Table Compression – Order For Maximum Compression – Code Utility

David Aldridge wrote about choosing an ordering method for compressed tables here. I’ve added to his post that I’d written a simple routine to get the number of blocks, rows and space for a table when it’s ordered by each of the columns in the table so I can work out the compressability (is that a word ?) for each column and then choose the best column(s) to order my data by whether it be for maximum compressability or accessibility.

Code is available here. Feel free to use and abuse it for your own environment – usual caveats apply, i.e. what works for me may not work for you and you should test before relying on it! This example runs in a user called AE_MGMT who has the appropriate privileges to access the DBA Views in PL/SQL and also the table being assessed…you might need to play with that in your environment a little.

Execution takes 4 parameters:

TABLE OWNER Defaults to current USER
TABLE NAME Must supply this
PARTITION NAME Defaults to NULL
SAMPLE SIZE Defaults to 1,000,000

Example output:


ae_mgmt[147/13]@HOPE> exec mgmt_p_get_max_compress_order(‘SYSTEM’,’J1′,NULL,100000);
Running for TABLE: J1; SAMPLE_SIZE: 100000
Unique ID: 21112005095941
Creating MASTER Table…
Creating COLUMN Table 1:OWNER…
Creating COLUMN Table 2:OBJECT_NAME…
Creating COLUMN Table 3:SUBOBJECT_NAME…
Creating COLUMN Table 4:OBJECT_ID…
Creating COLUMN Table 5:DATA_OBJECT_ID…
Creating COLUMN Table 6:OBJECT_TYPE…
Creating COLUMN Table 7:CREATED…
Creating COLUMN Table 8:LAST_DDL_TIME…
Creating COLUMN Table 9:TIMESTAMP…
Creating COLUMN Table 10:STATUS…
Creating COLUMN Table 11:TEMPORARY…
Creating COLUMN Table 12:GENERATED…
Creating COLUMN Table 13:SECONDARY…
NAME                        COLUMN          BLOCKS ROWS  SPACE_GB
=========================== =============== ====== ===== ========
TEMP_COL_004_21112005095941 OBJECT_ID          322 99999    .0098
TEMP_COL_008_21112005095941 LAST_DDL_TIME      331 99999    .0101
TEMP_COL_007_21112005095941 CREATED            338 99999    .0103
TEMP_COL_009_21112005095941 TIMESTAMP          340 99999    .0104
TEMP_COL_002_21112005095941 OBJECT_NAME        410 99999    .0125
TEMP_COL_005_21112005095941 DATA_OBJECT_ID     427 99999     .013
TEMP_COL_011_21112005095941 TEMPORARY          433 99999    .0132
TEMP_COL_012_21112005095941 GENERATED          434 99999    .0132
TEMP_COL_010_21112005095941 STATUS             434 99999    .0132
TEMP_COL_013_21112005095941 SECONDARY          434 99999    .0132
TEMP_COL_003_21112005095941 SUBOBJECT_NAME     434 99999    .0132
TEMP_COL_001_21112005095941 OWNER              523 99999     .016
TEMP_COL_006_21112005095941 OBJECT_TYPE        532 99999    .0162

PL/SQL procedure successfully completed.

Elapsed: 00:01:17.07

So, in the above example, if I want to order the table for maximum compression I’d use OBJECT_ID to order the data by.
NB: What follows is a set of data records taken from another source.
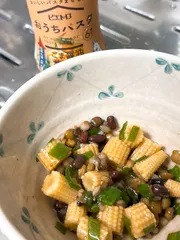 おうちパスタを使っておつまみ 某飲食店で出てきた突き出しのお味が良かったので、再現してみました。 パウチ売りされているキユーピーのヤングコーンをぶつ切りし、「ごま醤油ガーリック」と和えるだけ 同じくキユーピーの雑穀も入れ、もち麦プラスです。ここまでがお店の材料。プラス青ネギを刻み混ぜました。&nb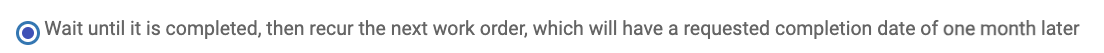 - This option simply provides for subsequent Work Orders to recur regardless of whether the previous Work Order is completed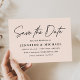 Spara datumkortet med "Spara datumet" i ett svart handskrivet skript med bakgrund. Anpassa det moderna Spara datumkortet genom att lägga till namn, datum för bröllop, plats för bröllop, bröllop webbplats osv. Datumkortets minimalistsparande går tillbaka till visningen med en solid bakgrund med utrymme för ytterligare text och foton.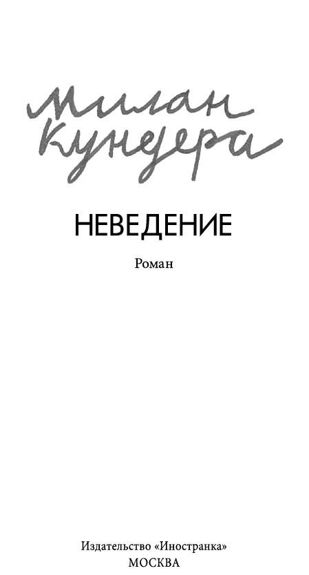 Неведение : роман / Милан Кундера ; пер. с фр. Н. Шульгиной. — М. : Иностранка, Азбука-Аттикус, 2022. — (Большой роман).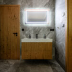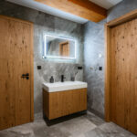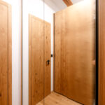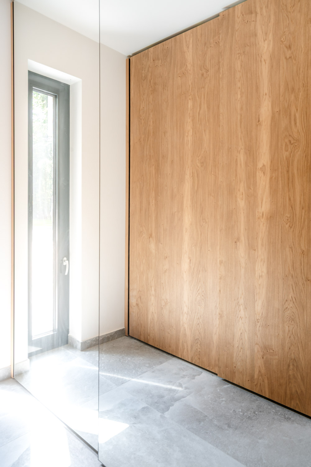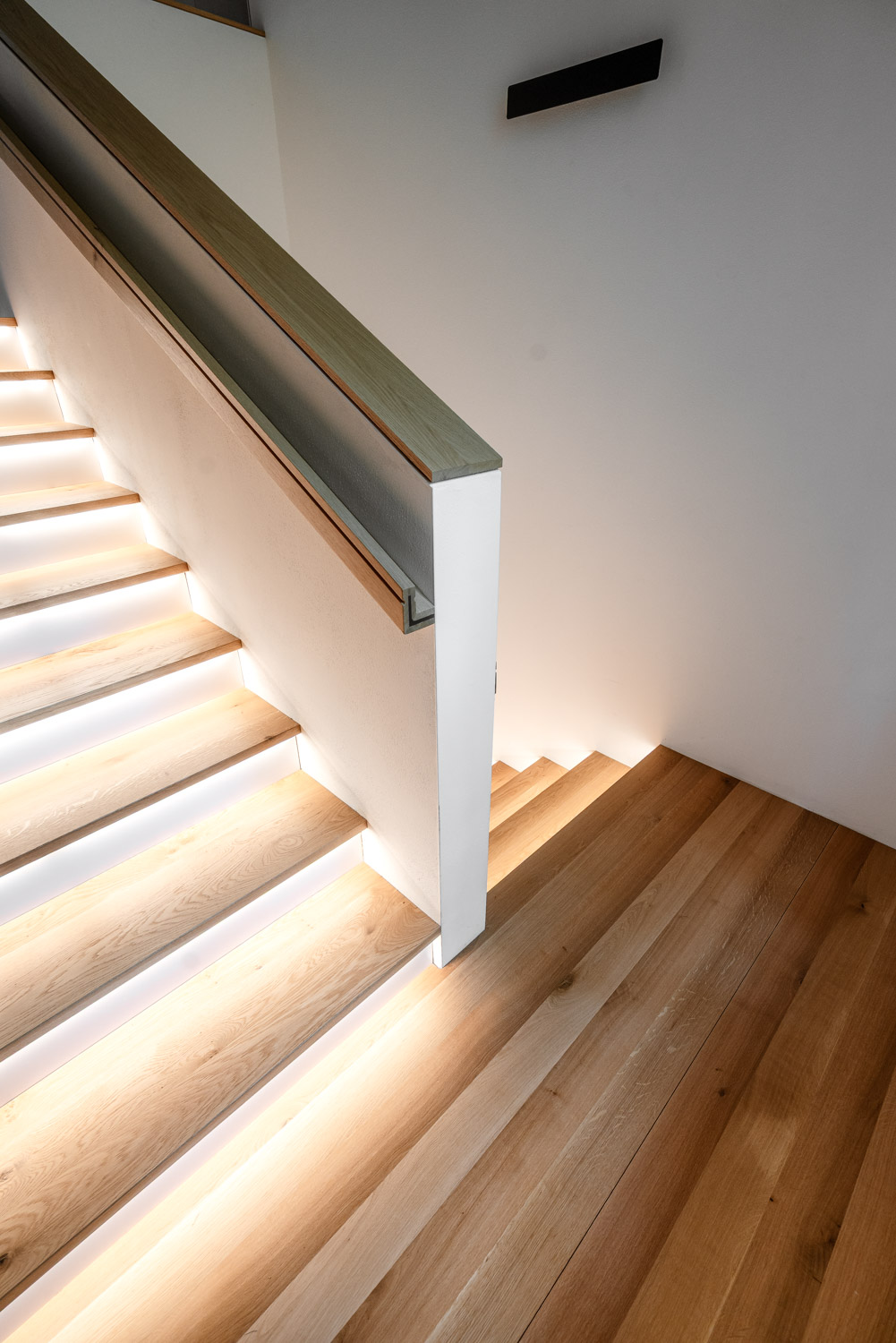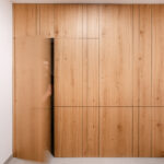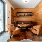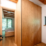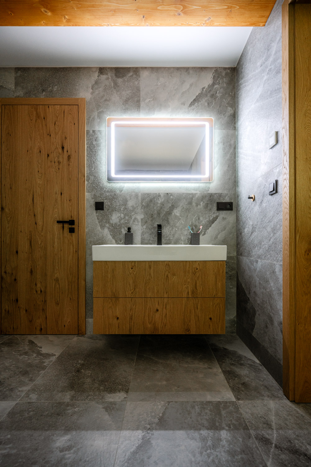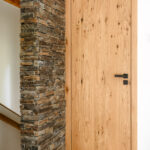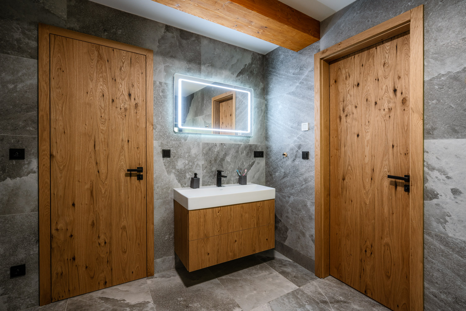 Kompletní interiér v přírodním duchu s dominantním použitím masivního dubu. Dřevěné podlahy, dveře i originální konferenční stolek ze surového kmene propojují celý prostor do harmonického celku. Součástí realizace byly také schody, vestavěné skříně a postele s levitujícím efektem.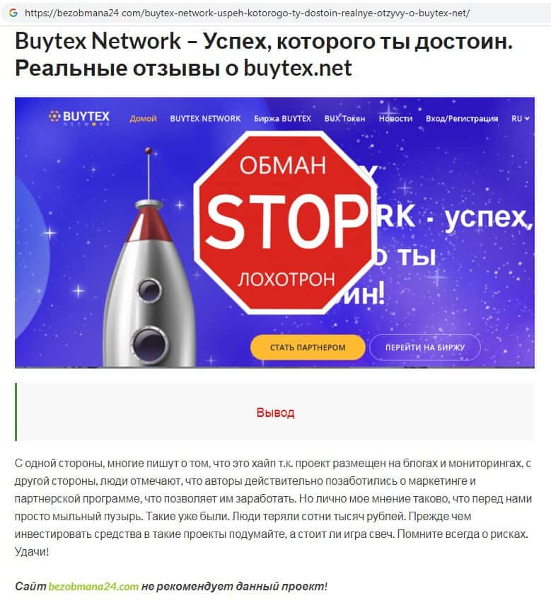 - BuytEx - обзоры мошенников на других интернет-ресурсах

It only works out the compression for individual columns so combinations are not covered – you can test that individually afterwards once you’ve narrowed down the best columns – I might retest the above with ordering by combinations of the first 4 columns given the big jump in blocks from 340 on TIMESTAMP to 410 on OBJECT_NAME – starting with the first 2 columns, then adding column 3 etc.. until adding the columns has no marginal effect….pointless sorting by more and more columns that aren’t adding anything – will just take more time/resources for the sort.

Of course, as was mentioned on David’s post/link, you might want to order things to suit the access path rather than for maximum compression – your mileage may vary. I built it for work on a fact table where I wanted maximum compression and where the access path would generally be either a partition/full scan or one of several equally common access paths.